SAIL: MACHINE LEARNING GUIDED STRUCTURAL ANALYSIS ATTACK ON HARDWARE OBFUSCATION

Nelms Institute Contact: Swarup Bhunia

Obfuscation is a technique for protecting hardware intellectual property (IP) blocks against reverse engineering, piracy, and malicious modifications. Current obfuscation efforts mainly focus on functional locking of a design to prevent black-box usage. They do not directly address hiding design intent through structural transformations, which is an important objective of obfuscation. We note that current obfuscation techniques incorporate only: (1) local, and (2) predictable changes in circuit topology. In this paper, we present SAIL, a structural attack on obfuscation using machine learning (ML) models that exposes a critical vulnerability of these methods. Through this attack, we demonstrate that the gate-level structure of an obfuscated design can be retrieved in most parts through a systematic set of steps.
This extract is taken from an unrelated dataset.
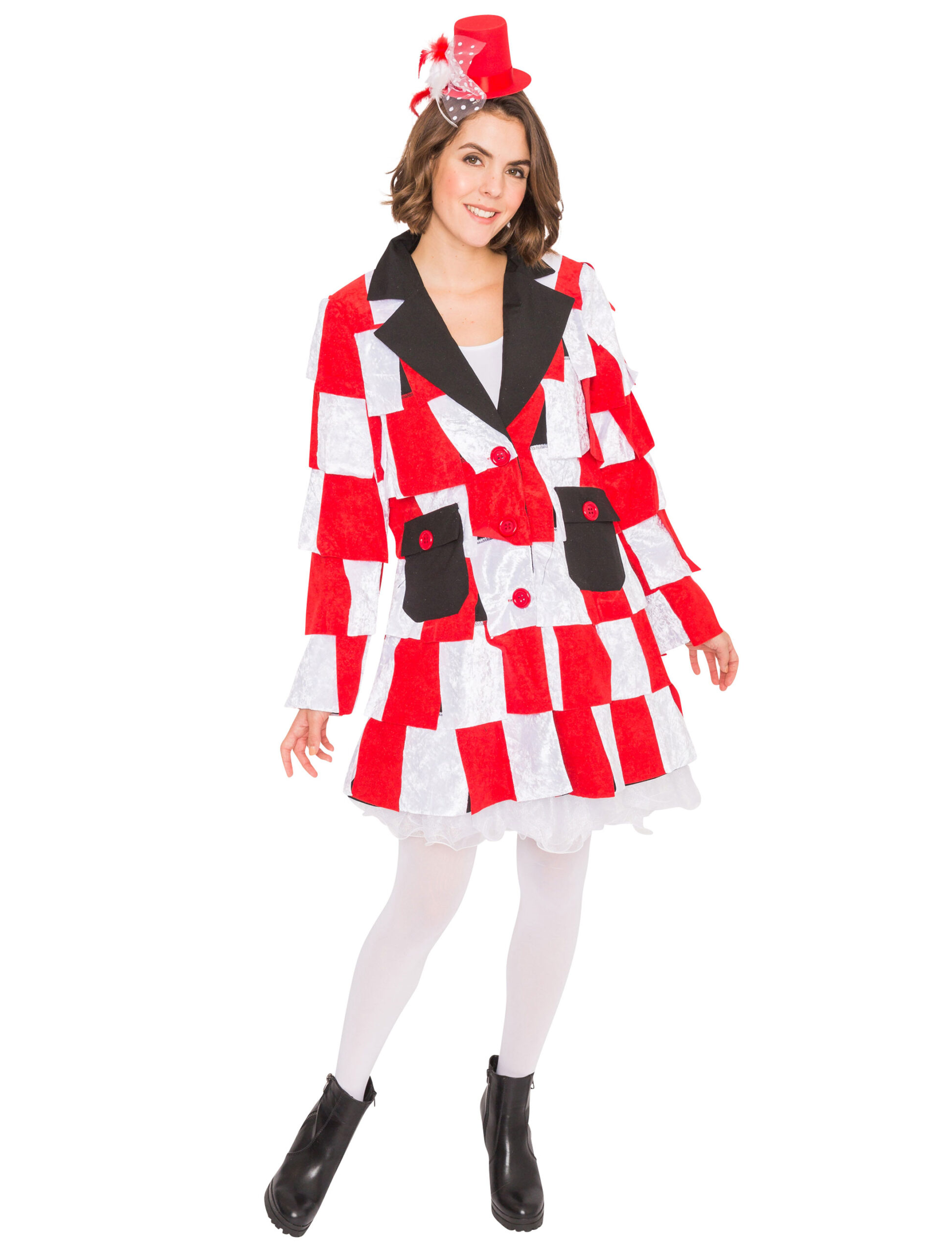 Von wegen Lappen sind nur zum Putzen da! Diese Lappen überzeugen Dich vom Gegenteil. Denn sie machen diese Damen Jacke zum exklusiven Blickfang. Die etwas länger geschnittene Jacke ist rundum mit roten und weißen Lappen verziert, die abwechselnd angeordnet sind und somit einen tollen Kontrast zueinander bilden. Da die Lappen nicht an allen Seiten befestigt sind, schwingen diese bei Deinen Bewegungen schön mit und verleihen Dir Schwung und Leichtigkeit. Der tiefe Kragen der Damen Jacke besteht aus einen schwarzen Stoff. Auch die frontalen Taschen sind aus einem schwarzen Stoff gefertigt. Zusätzlich sind diese mit jeweils einem roten Knopf verziert. Durch ebenfalls rote Knöpfe in der Front lässt sich die Damen Lappen Jacke bequem schließen. Diese Jacke ist das Highlight für jede Party! Durch die Farbgebung eignet sie sich auch perfekt für Köln Kostüme!

The proposed attack is applicable to all forms of logic obfuscation, and significantly more powerful than existing attacks, e.g., SAT-based attacks, since it does not require the availability of golden functional responses (e.g., an unlocked IC). Evaluation on benchmark circuits show that we can recover an average of about 84% (up to 95%) transformations introduced by obfuscation. We also show that this attack is scalable, flexible, and versatile.